The 2020 edition of NFPA 70: National Electrical Code was issued in August 2019. It has gone into effect already in several states and is scheduled for adoption by more jurisdictions in the coming months.
The new edition includes four new articles, hundreds of individual revisions and additions to the scope of the code. This article is by no means a complete exposition of the changes to the 2020 NEC. Rather, it covers those changes with broad impact on the design of electrical systems for commercial facilities.

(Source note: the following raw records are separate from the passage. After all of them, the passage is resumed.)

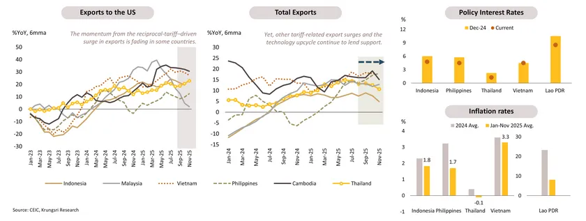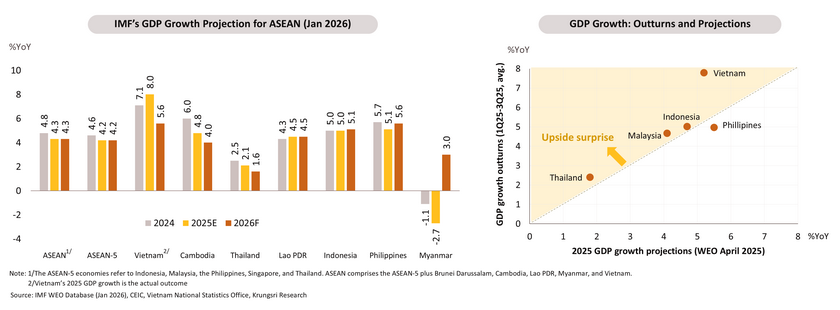 - Tăng trưởng của ASEAN-5 được dự báo đạt 4,2% vào năm 2026, ổn định so với mức 4,2% năm 2025, được hỗ trợ bởi chu kỳ phát triển công nghệ, góp phần duy trì đà xuất khẩu, cùng với các biện pháp kích thích tài chính và tiền tệ trước đó. Lạm phát thấp hơn cũng sẽ duy trì hoạt động kinh tế trong nước. So với dự báo tăng trưởng của IMF hồi tháng 4, kết quả GDP thực tế đến hết quý 3 năm 2025 mạnh hơn dự kiến nhờ thuế quan đối ứng của Mỹ thấp hơn so với giả định và xuất khẩu tăng mạnh hơn.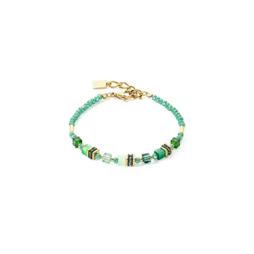Bracelet in a Mini Cube design. Complements the latest fashions perfectly with its trendy green and gold colourway. Handmade in Germany with synthetic tiger's eye, European Crystals, rhinestone rondelles and gold plated stainless steel.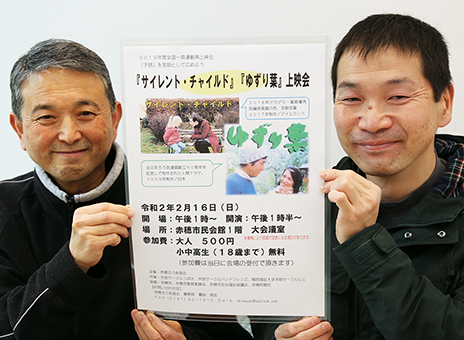 上映会への来場を呼び掛ける赤穂ろうあ協会の木下一則会長(左)と霜田直宏事務局長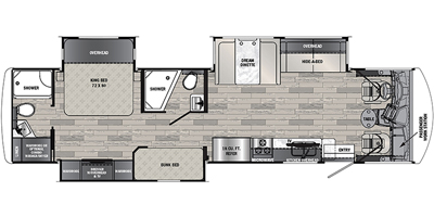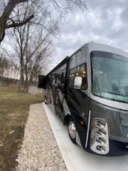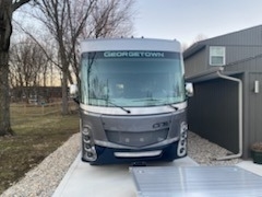 This Georgetown has an overall length of 34.92” and Comes Equipped with a Yamaha 5KW Gas Generator, 2 Slide Outs, 1 Awning, 2 AC Units and Plenty of Room to Sleep 8.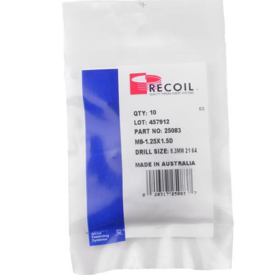 3:recoil钢丝螺套补充包装提供不同长度的钢丝螺套,从1D到3D,用来使用在各种不同厚度的材料上面。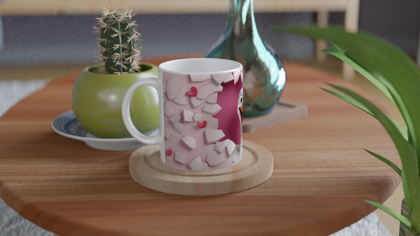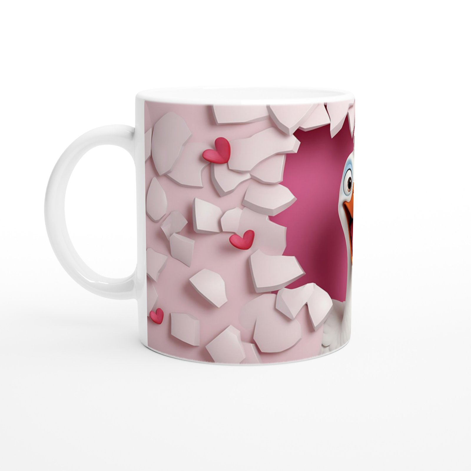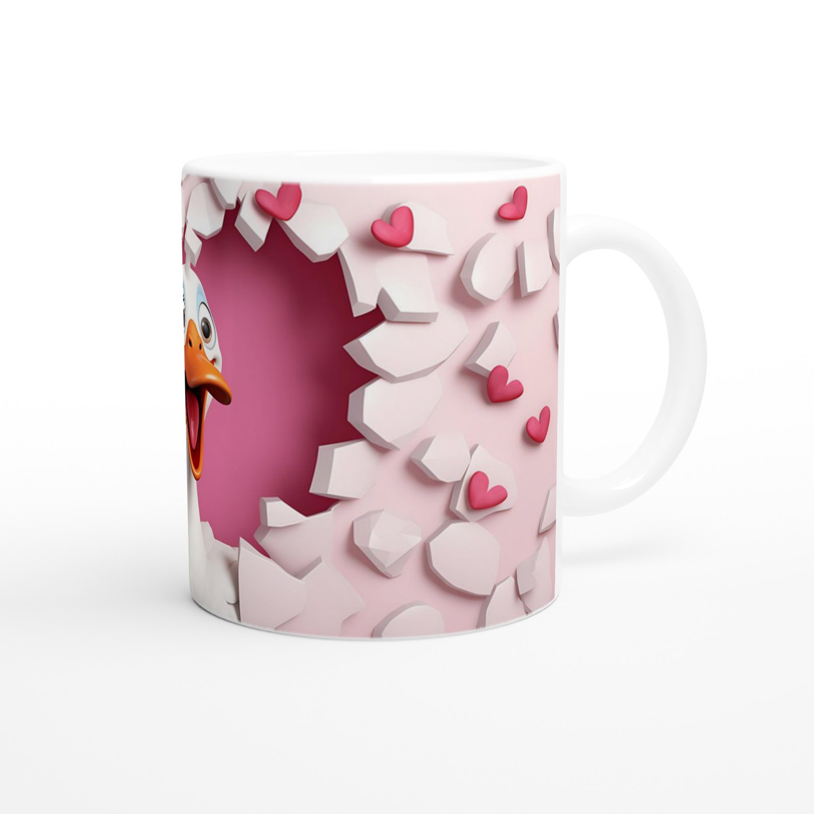 Kalp şeklinde kırılmış pembe duvarın ardından bakan komik kaz figürü, renkli kalp detaylarıyla birleşerek hem çocuklara hem de içindeki çocuğu yaşatanlara hitap ediyor.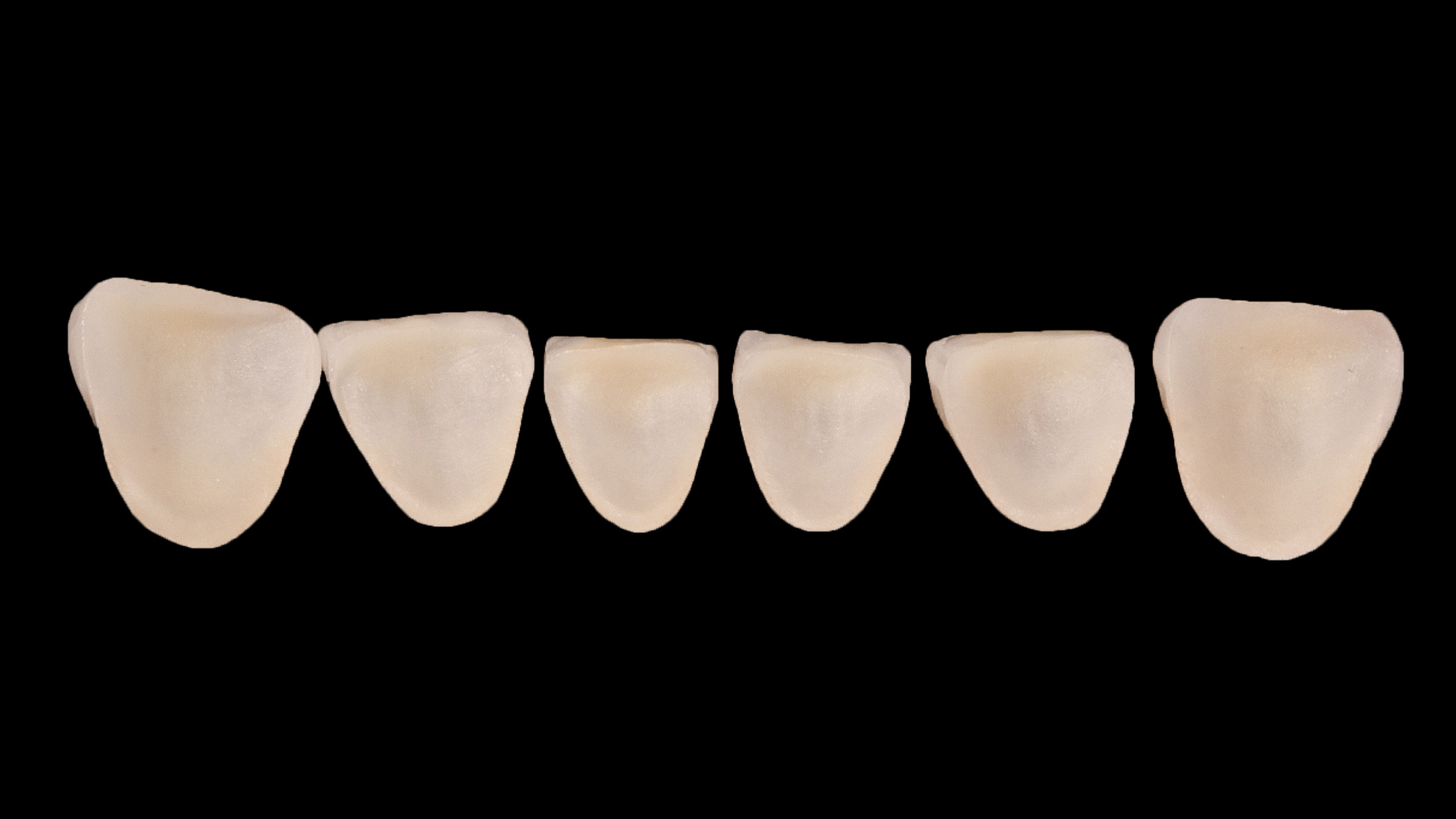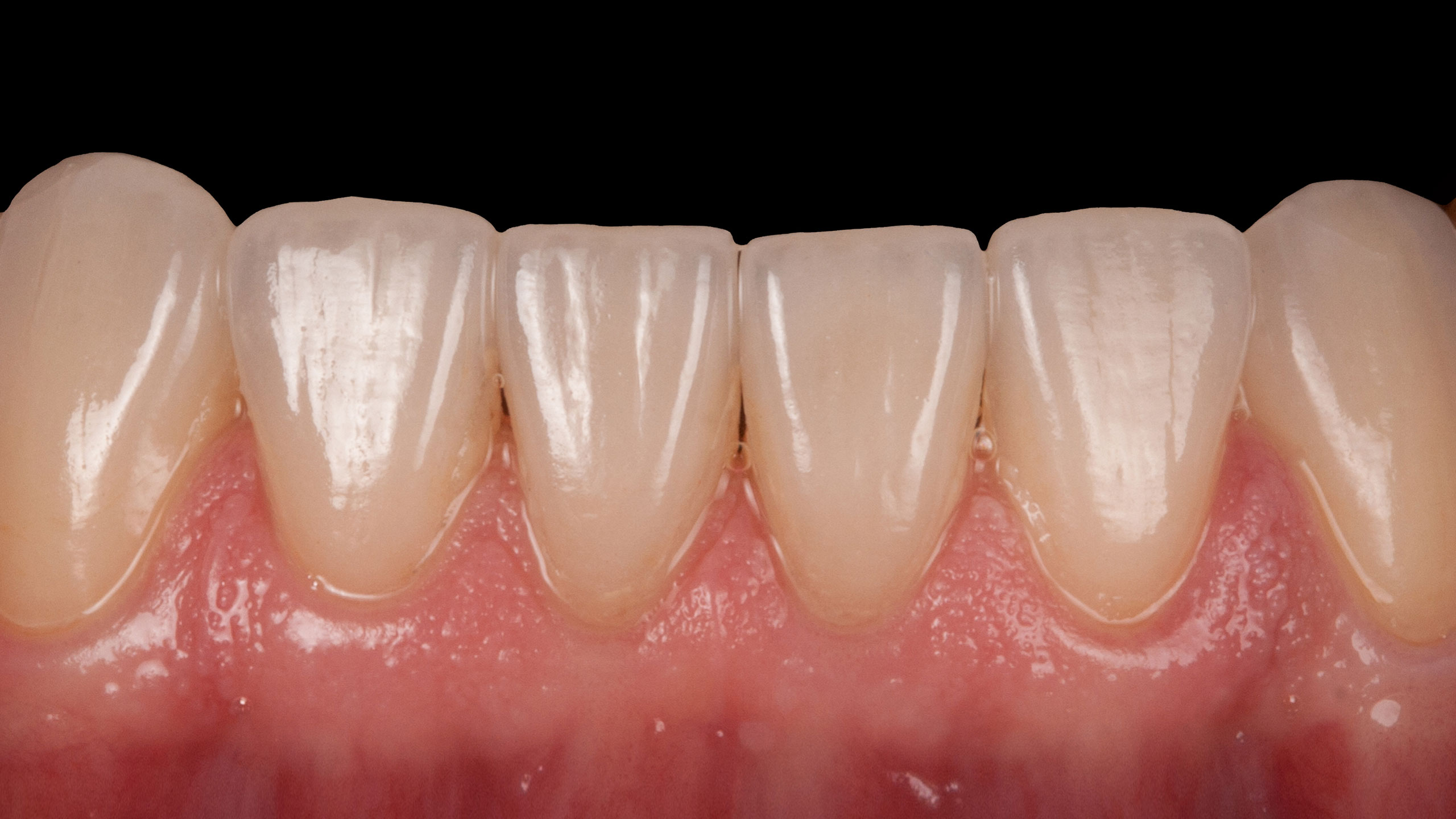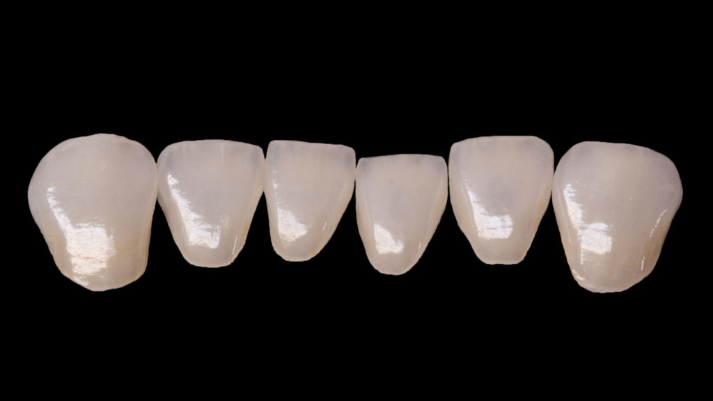 Die Frontzahnversorgungen wurden alle aus Feldspatkeramik hergestellt und adhäsiv verklebt. Konkret wurden die Dentinkerne der Vollkeramikkronen von 13 auf 23 mit einem Creation CP Pellet gepresst (Abb. 39) und mit Willi Geller Creation CC vollverblendet (Abb. 40). Bei Willi Geller Creation CP handelt es sich um einen Dentin-Pressrohling aus Feldspatkeramik, der bei 1050°C gepresst wird und mit einer hochschmelzenden Keramik verblendet werden kann. Für uns brachte das den Vorteil, dass wir alle Vollkeramikteile im Frontzahnbereich, egal ob Veneer oder Vollkeramikkrone, mit derselben Verblendkeramik ästhetisch finalisieren konnten. Die lichtoptischen Eigenschaften und die Haltbarkeit dieser Keramik – immer unter der Voraussetzung der adhäsiven Befestigung – begeistern uns noch immer. Im Unterkiefer wurden auf feuerfesten Stümpfen individuell geschichtete Veneers hergestellt, ebenfalls mit Willi Geller Creation CC (Abb. 41 und 42). Die großen Lücken zwischen den Unterkieferseitenzähnen konnten nur mithilfe einer geschickt gewählten Zahnform geschlossen und ohne KFO realisiert werden.

Article 310, conductors for general wiring, was extensively reorganized, with little in the way of substantive changes. The scope of the Article was limited to conductors rated 2,000 volts and below. Requirements for conductors rated higher than 2,000 volts were removed from Article 310 and relocated to new Article 311, medium-voltage conductors and cable, without substantive changes.
Ampacity tables for conductors rated 2,000 volts and below were renumbered. Tables 310.15(B) 16 through 21 were renumbered to 310.16 through 310.21 — the same numbering applied to these tables for multiple code cycles before their 2011 revisions. In particular, the table of allowable ampacities of insulated conductors in conduit — the workhorse ampacity table for building design — was returned to its historic location as Table 310.16.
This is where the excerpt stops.